NEW YORK — Last year, Ole Henriksen was on the verge of selling his company to Gurwitch Products, the parent company of Laura Mercier, which is itself partly owned by the Neiman Marcus Group. Although the deal fell apart at the 11th hour,...

NEW YORK — Last year, Ole Henriksen was on the verge of selling his company to Gurwitch Products, the parent company of Laura Mercier, which is itself partly owned by the Neiman Marcus Group. Although the deal fell apart at the 11th hour, Henriksen hasn’t had any regrets.

This story first appeared in the November 21, 2003 issue of WWD. Subscribe Today.

In fact, despite not having the deep pockets of a new backer, the Hollywood-based Henriksen has embarked on an aggressive expansion plan. Best known as the skin care specialist to the stars, Henriksen recently opened his second day spa in Santa Monica’s tony Shutters Hotel. Although the spa’s current digs there are temporary, a permanent space, designed by noted interior decorator Michael Smith, is currently under construction and scheduled to open Jan. 15.

Meanwhile, Henriksen has been busily opening new doors for his eponymous skin care range both in the U.S. and abroad. Sales are expected to almost double this year — the company posted a 2002 wholesale volume of $2.5 million, a figure Henriksen expects to hit $4.5 million this year.

“We’re very encouraged by early results,” said Shashi Batra, senior vice president of merchandising at Sephora, which launched the line earlier this year. “The line is simple, not particularly intensive in terms of stockkeeping units, and the ingredients are good, basic botanicals. He’s got a great spa with an incredible following and this is a natural extension of that. His credibility comes from his spa and celebrity following.”

Henriksen first launched his line in 2000 with 15 products, created out of his hands-on experience with the needs of his clients. Initially available only in his spa or by mail order, he dipped his toe into wider distribution during beauty’s Internet boom, launching the line on the now defunct site BeautyJungle.com. Although the online beauty business was short lived, the lesson Henriksen took away from it — that a wider customer base existed for his line — wasn’t.

In 2001, Henriksen experimented with retail distribution by launching in Robin Coe-Hutshing’s Studio at Fred Segal and a handful of indie beauty boutiques. Since then, he has been steadily expanding the product lineup and retail distribution. Today, the range consists of 37 products, ranging in price from $16 for a cleanser to $45 for an antiwrinkle cream.

This month, Henriksen is launching two new products: Black Currant Energizing Complexion Oil, a skin conditioner and brightener designed for cold weather, and Re-Start Anti-Aging Serum, a firming, reparative serum created to be used under a night cream. The brand’s packaging, created by graphic designer David Duarte, is clean, bright and has a modern sensibility — the products, for example, were recently featured on the cover of Wallpaper Magazine.

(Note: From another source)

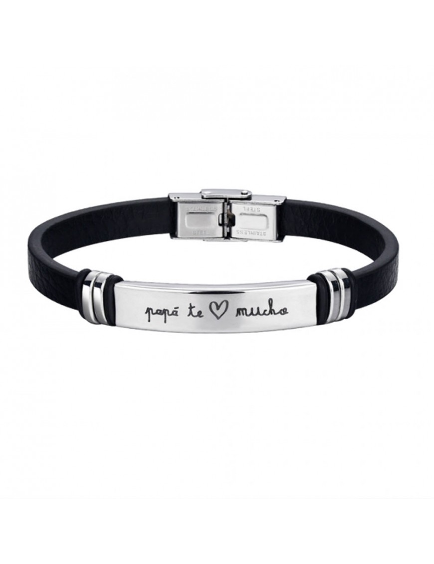Pulsera Acero Caballero Papá te quiero Mucho 9116443 y cuero en color negro. Grabación decorada con esmalte negro. Longitud de 21cm aproximadamente ajustable.

The line is currently distributed in 78 doors in the U.S., including Henri Bendel, Nordstrom, where Henriksen launched this fall in about 16 doors, and Sephora. Henriksen’s overseas strategy has been equally as targeted, with 159 doors in Europe, including Harvey Nichols, Magasin and Ludwig Beck; 25 doors in Asia, including Joyce Beauty and Lane Crawford, and a recent foray into Australia, where he opened in David Jones and Meyer and Grace Brothers.

“I’ve learned the retail business is not unlike the service business,” said Henriksen. “In retail, it’s imperative that you work with the staff to educate and inspire them, so they can establish a relationship with consumers and hopefully inspire them with the philosophy.”

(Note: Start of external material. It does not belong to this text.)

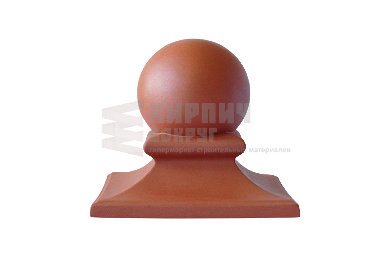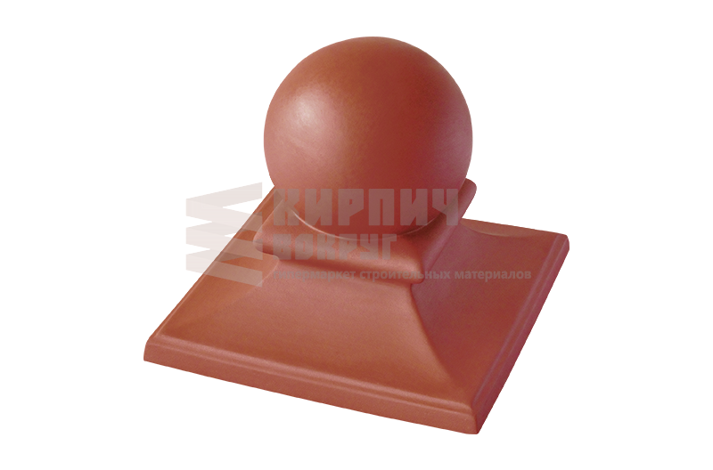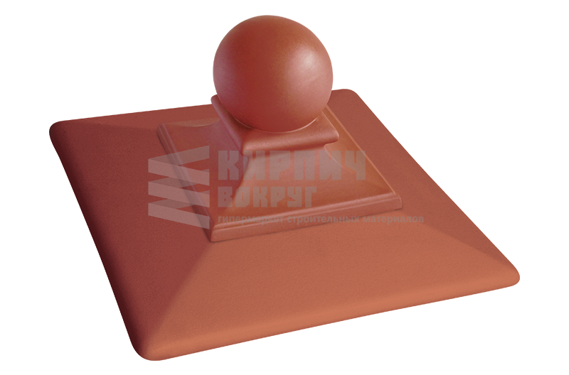 Клинкерный колпак (оголовок) для забора "Рубиновый красный" - ROYAL производства King Klinker, находящегося в Польше, имеет размер 445x445x250 мм с шаром. Применятся для ограждений, заборов, а также их столбов.

The growth of the line reflects the drive of the Danish-born Henriksen, who grew up in a village of 2,700. He first became interested in skin care when he developed a severe case of cystic acne while living in Jakarta, Indonesia. An aesthetician there helped him overcome the problem, and when he moved back to Europe, he headed to London to study skin care.

From there, Henriksen went to Los Angeles, where he was one of the few male aestheticians in a field dominated by women. In 1975, he set up his first spa in Beverly Hills, charging $20 for a facial. Today, Henriksen occupies a 4,500-square-foot space on Sunset Boulevard and charges $175 for a facial.

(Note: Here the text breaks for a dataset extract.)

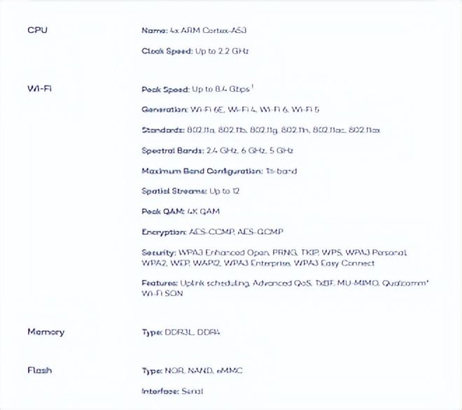 高通之前做了个比较有利于消费者的事,就是带头给路由器上的处理器也写清楚产品系列和最高主频,在此之前,路由器的处理器可着实是重灾区。

Even with a client roster that includes Charlize Theron and Renée Zellweger, the indefatigable Henriksen largely runs business operations by himself, handling all aspects of his company personally, from public relations to product formulations. “When Gurwitch approached me, I hadn’t been looking to sell my business and it was a fascinating opportunity to explore,” said Henriksen, whose upcoming travel schedule includes stops in northern Europe and Australia — all before Christmas. “But I came to realize I would work just as hard and have a different set of expectations to meet, with different pressures. What’s great about what I do now is that I’m able to do it on my terms.”